There is a commonly held historical view of Wall Street’s infancy. Before the stock brokers and the finance guys and the Chloë Sevigny in American Psycho secretaries, there was livestock (from one stock to another, as it were)–specifically pigs–running rampant through the then Dutch settlement. What began as an unassuming picket fence in 1653 quickly transformed into a twelve-foot tall blockade designed to keep “the animals” in control, away from the construction in progress in nearby parts of the city.
It wasn’t really the animals that were causing the issues though. Sure, there was a wealth of livestock living off the richness of the land, but it was the humans wreaking damage upon the psyches of the British and Native Americans threatened by their presence that proved to be the true cause behind the erection of the wall. Meandering about in a frenzied and confused state the way the sightless do in José Saramago’s Blindness, these settlers needed a wall to lend them protection from the cruel world outside of it. Considering the callousness Wall Street would later come to represent, it seems endlessly ironic that it was once a haven for the innocent and persecuted (barring, of course, the occasional flare-up of said innocents’ violence toward Native Americans in Hoboken).
A herdsman was hired by then Director-General a.k.a. mayor/governor-type Peter Stuyvesant to try to wrangle the pigs, but his true purpose was to attempt creating order among the people. Arthur Blake was chosen for this role by Stuyvesant for his discretion and possession of a frightening level of sternness. He was instructed to make it seem as though he was paying all of his attention to the pestilential pigs so as to deceive the settlers into believing they had free will behind that wall they built; that they could go about running into each other like dullards as they pleased.
After a time, however, it became clear that there was some sinister intent behind the way Blake would “just happen” to point his prod in the direction of the residents or “accidentally” quell them with a gush of water from a giant spigot. When the settlers finally caught on to the notion that it was they who were being corralled, and not the pigs, they knew they had to come together to take some sort of action against Stuyvesant and Blake. But to meet in secret was near impossible with Blake constantly watching them with the vigilance of a caffeinated prison guard, glancing at them over his shoulder as he pretended to monitor the pigs. Balthasar, something of the ringleader of the group due to his tall stature and thick pile of chestnut-hued hair, was the one to take the reins on forming a coup by arranging a late night meeting in the main barn around eleven o’ clock, when Blake was wont to go to the alehouse for an antidote to his woes. He asked only the most influential members of the community to join him, which included Judith, a renowned cheesemaker, Pieter, a blacksmith with a gambling problem, and Willem, a butcher with an eyepatch and the associated build of one who chops giant animal limbs for a living.
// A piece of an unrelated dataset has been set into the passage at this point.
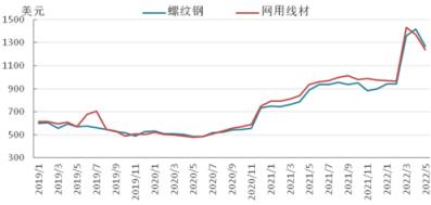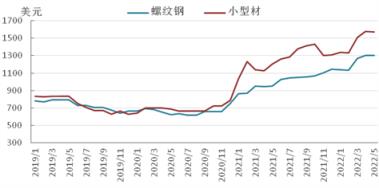 圖6 2019-2022年亞洲螺紋鋼價(jià)格走勢(shì)圖

That night, they staggered into the barn separately, convinced the entire time that Blake would catch them and punish them with a branding iron to the face. New Amsterdam wasn’t supposed to be like this. It was supposed to be a place of freedom and casual existence. They didn’t leave the cold, austere land of Denmark only to come to another one. This is what Balthasar remarked to the others as he smoked his pipe. But what were they to do, asked Judith, feeding into the stereotype of being the useless woman of the group. Pieter stood there mutely brandishing his chisel as though it were a part of his body. Willem was the only one with any sort of worthwhile suggestion, insisting, “We have to kill him.”
At first, Balthasar was hesitant to go along with such a drastic measure. After all, Blake was still one of them–wasn’t he? However, the more Balthasar, Judith and Pieter thought about it, the more logical it seemed. If they didn’t, they would be forever tormented by a man whose ideals for what would eventually become New York City might end up turning the town into a place that makes people miserable, hateful and, worst of all, spiteful.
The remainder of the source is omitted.